The dude who is doing my daughters college fund and my "retirement " told me to do that. I told him id do some for the wife and kid but i rarely go to the doctor. Right after that i tore some scar tissue and my wife reminded me i almost cut my thumb off two year ago......

So the Flex thing looks smart :laughing:


----------



## Warren (Feb 19, 2005)

This transaction would have needed to occur last year to be valid for 2014. I would imagine that it could not exceed fair market value, and may require a 1099 as posted earlier.
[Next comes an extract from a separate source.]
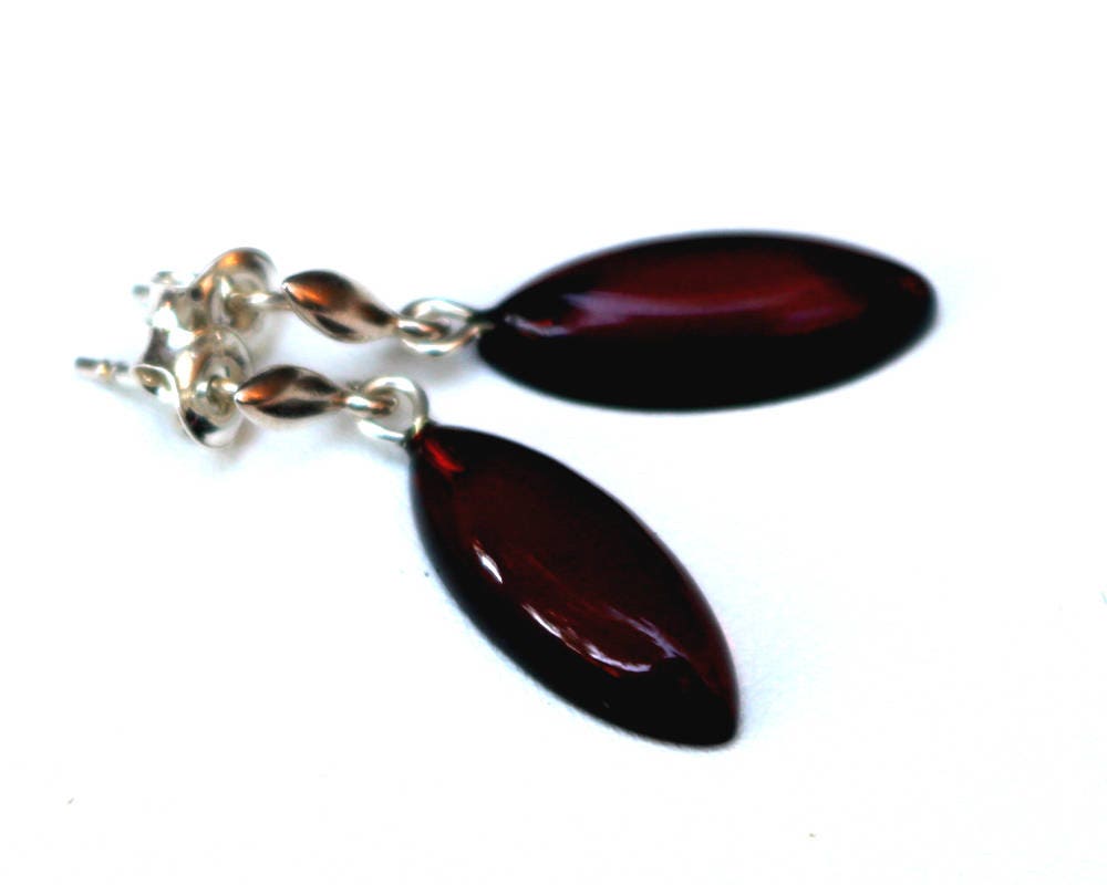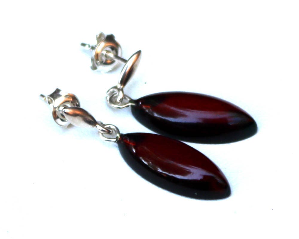 Baltic Amber Earrings Cherry Jewelry Dangling Natural 925 silver
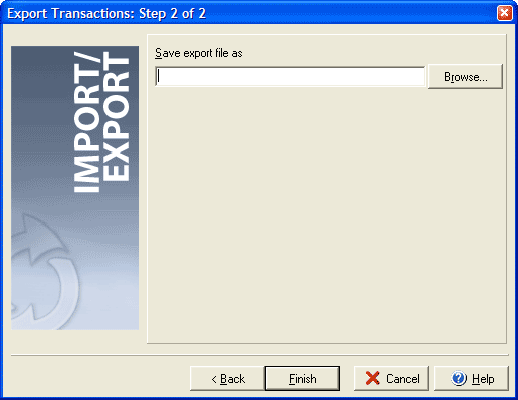 Step 2 of 2 The final step of the Export Transactions process determines the location and name of the export file. The Export Transactions wizard can be opened from the File menu by clicking Export and then selecting Transactions.

Welcome to the world of business. Nice to make a profit, but those taxes, especially SS can really add up. 

Make sure you max out any retirement accounts also. You can contribute to an existing plan in 2015 and have it count towards 2014.


----------



## Spencer (Jul 6, 2005)

Warren said:


> This transaction would have needed to occur last year to be valid for 2014. I would imagine that it could not exceed fair market value, and may require a 1099 as posted earlier. Welcome to the world of business. Nice to make a profit, but those taxes, especially SS can really add up.
> 
> Make sure you max out any retirement accounts also. You can contribute to an existing plan in 2015 and have it count towards 2014.


Thanks

Last year was a killer. The only thing that saved me is that I spent an obscene amount on tools and equipment.

I am in a much better position this year now that I have my LLC setup. I took a very low salary this past year so I was able to pretty much cut that in half for salary and then take the other half in distributions. 

I am also paying myself rent for use of our garage as a shop. Its about 1500 sq ft worth of space so I can pay myself a pretty good portion and have it not be subject to FICA. So between that and distributions I'm covered pretty well to get profit out without being subject to FICA but was wondering if the whole tool loan repayment would be exempt from income tax as well.


----------



## kiteman (Apr 18, 2012)

If you wrote off the tools as an expense before you started the llc, then you have to pay tax on the recapture. Same as if you depreciate a vehicle, then sell it. You owe tax on the residual sales amount. 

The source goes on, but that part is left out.